Rating: - Absolutely Disappointing
This book has some of the good qualities of a typical Wrox title: code centered, clear layout, step-by-step practical approach, but has clearly been published without even the shadow of a technical review. My guss is the book was rushed and not really invested into because "the hibernate book" (by Gavin King) was looming on the horizon. The publisher would have shown much more business sense if it had taken time for a really solid book on Hibernate 3. The amount of typos and inaccuracies both in the text and in the code is staggering. Several interesting subjects are mentioned, like AspectJ and Design Patterns, but in a too superficial way to be of any real help. Gradecki, I hope you have not really co-authored this but just supplied the AspectJ chapter...
Rating: - Laughably bad
Full of typos (they could at least have done a search-and-replace of "Hibemate"). Lots of filler (viz. the chapters on things like the DAO pattern).
Definitely not worth it.
The Manning book remains the standard for in-depth coverage, while the O'Reilly programmer's notebook does the trick for the quick-and-dirty introduction. Skip the rest.
Rating: - Don't Waste your $ on This One
Author: Eric Pugh, Joseph Gradecki
Professional Hibernate
By Eric Pugh and Joseph Gradecki
Wrox, Wiley Pub. Co. ISBN0764576771
Reviewed by Jim Lauria-HuNTUG member
"Hibernate is an object/relational mapping tool for a Java environment."
An easy to read book (the good point) filled with poorly written code, typos and mistake laden text. As others have said most of the code in this book would NOT compile and seems to have not even been tested.
Save yourself $39.99-less online-and save yourself aggrevation as well.
I would give it no stars if that option was available
Rating: - Unprofessional Hibernate
I'd actually give this book 0 stars if I could.

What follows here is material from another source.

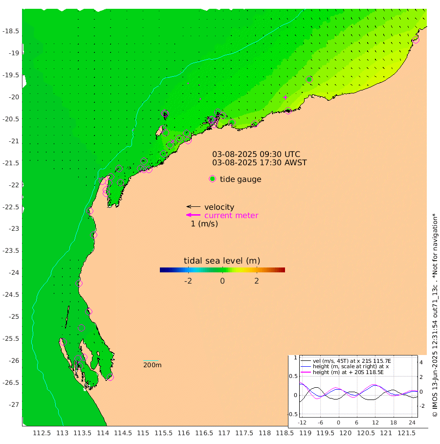 4cm/s -46T +12cm/s rms + 5cm/s -173T. NWSBAR 206m 3cm/s -152T +22cm/s rms + 10cm/s -148T. TAN100 109m 2cm/s -50T +11cm/s rms + 8cm/s -129T. PIL200 208m 4cm/s -51T +13cm/s rms + 7cm/s -137T. PIL100 105m 6cm/s -48T +12cm/s rms + 2cm/s -92T. PIL050 55m 3cm/s -138T +18cm/s rms + 4cm/s -149T. NRSNIN 61m 4cm/s -33T +6cm/s rms + 3cm/s 112T. NW Shelf M6 65m -19cm Withnell Point -25cm Denham -26cm Shark Bay (Inr Bn) -25cm Shark Bay -29cm Useless Loop -5cm Hamelin Pool -16cm Carnarvon -17cm Cape Cuvier -17cm Coral Bay -12cm Norwegian Bay 1cm Badjirrajirra -14cm Tantabiddi -6cm Point Murat -2cm Exmouth 2cm Learmonth -2cm Y Island -9cm North Muiron Island -5cm Roller -6cm Ashburton North -5cm Onslow (Beadon Creek) -6cm Thevenard Island 13cm Large Island 16cm North Sandy Island 3cm Barrow Island (Wapet Landing) 15cm Barrow Island (Tanker Mooring) 11cm Withnell Bay -1cm Trimouille Island -3cm North West Island 27cm Fortescue Road 10cm Steamboat Island 30cm Sholl Island 12cm Fairway Beacon 11cm Mawby Island 11cm Dampier (King Bay) 7cm Cape Legendre 24cm Hauy Island 21cm Port Walcott (Cape Lambert) 24cm Depuch Island 32cm Port Hedland 20cm Bedout Island 62cm Lagrange Bay

I have never purchased such a bad technical book in 16 years of spending my money on these things. This book is full of coding errors, explanation errors, and typographical errors. The authors fail to point out very important information needed to get their examples working. The downloadable examples are organized in folders for the wrong chapters. The examples don't work when applied to configurations described in the text. The litany of problems goes on and on.
The fact the book mentions no technical reviewers should have tipped me off.
The supporting Web page at Wrox has no errata entries, even though the book has hundreds of mistakes. The forum on the book is dead. If you want to post errata you have to register, and then when you do it rejects your login. Perhaps that accounts for no errata.
I'd say the authors have no interest in maintaining such a list themselves, or else have moved on to other hobbies. As a Java developer I'd strongly recommend anyone contemplating this book moves on and buys another book instead. I'd recommend the book by Will Iverson ("Hibernate : A J2EE Developer's Guide") or "Hibernate in Action" by Christian Bauer, Gavin King instead.
The only positive thing I could say for the book is that it will force you do a lot of hunting down of answers to help you get through all the problems that working through their examples will give you. Having to fix a problem is often the best way to understand the details of a tool, API, or issue. But as a way of learning a technology I'd not recommend it. Most developers have enough of such frustrations in their day to day job to deal with already.